DOKTOR: Hm… Und Sie erinnern sich?
BESUCHER: Natürlich. (Mit Gefühl.) „Die Konkretisierung der abstrakten Ideen auf dem Gebiet der Plastik erzeugt jenen Satz des sich selbst suchenden Geists, in dem er, von sich selbst abstoßend, sich auf dem Gebiet der bildenden Erkenntnis der darin enthaltenen Schönheit potenziert“.
DOKTOR: Und das hat Hegel gesagt?
BESUCHER: Ja, und?
DOKTOR: Nicht, nichts.
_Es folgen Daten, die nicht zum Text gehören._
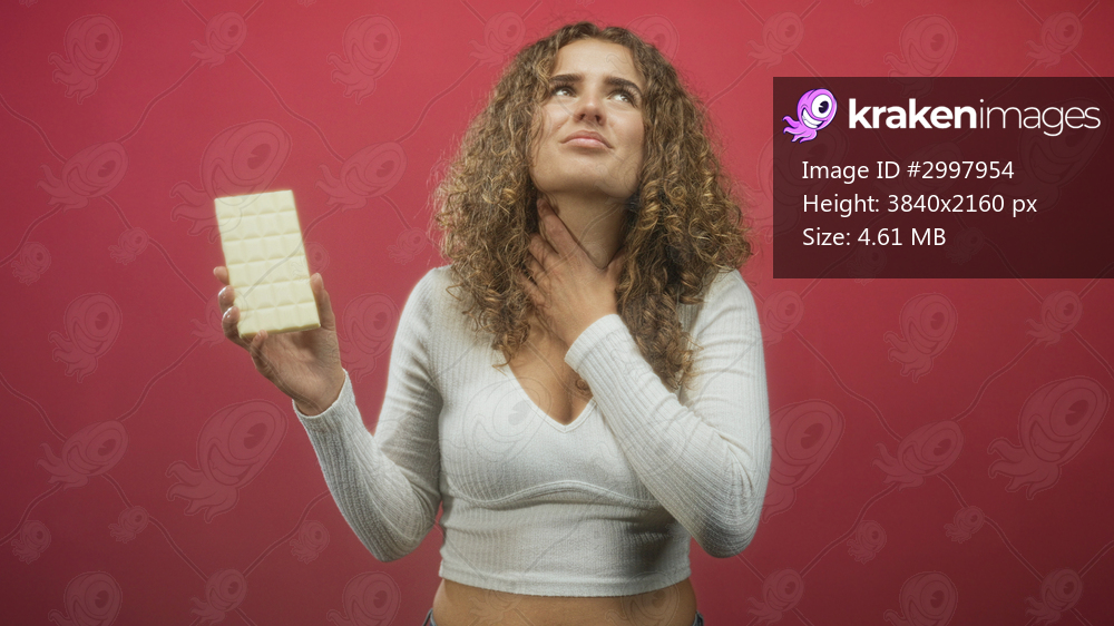 Woman holding a white chocolate bar in left hand with hand on neck and head tilted up, wearing white crop top against red wall in studio; pleasure indulgence. - Kraken Images

Wenn schon, dann erinnern Sie sich vielleicht doch, wie Sie heißen?
BESUCHER: Ich?
DOKTOR: (Verliert die Geduld.) Sie. Doch nicht ich? Können Sie denn nicht irgendwie machen, dass Ihr Name auftaucht?
BESUCHER: Natürlich. Ich heiße… Ich erinnere mich nicht.
DOKTOR: Vielleicht rufen wir Ihre Frau an und erfahren Ihren Namen mit ihrer Hilfe?
BESUCHER: Gute Idee.
DOKTOR: Wer ruft an, ich, oder Sie?
BESUCHER: Besser Sie. Sonst sagt sie meinen Namen und ich vergesse ihn wieder.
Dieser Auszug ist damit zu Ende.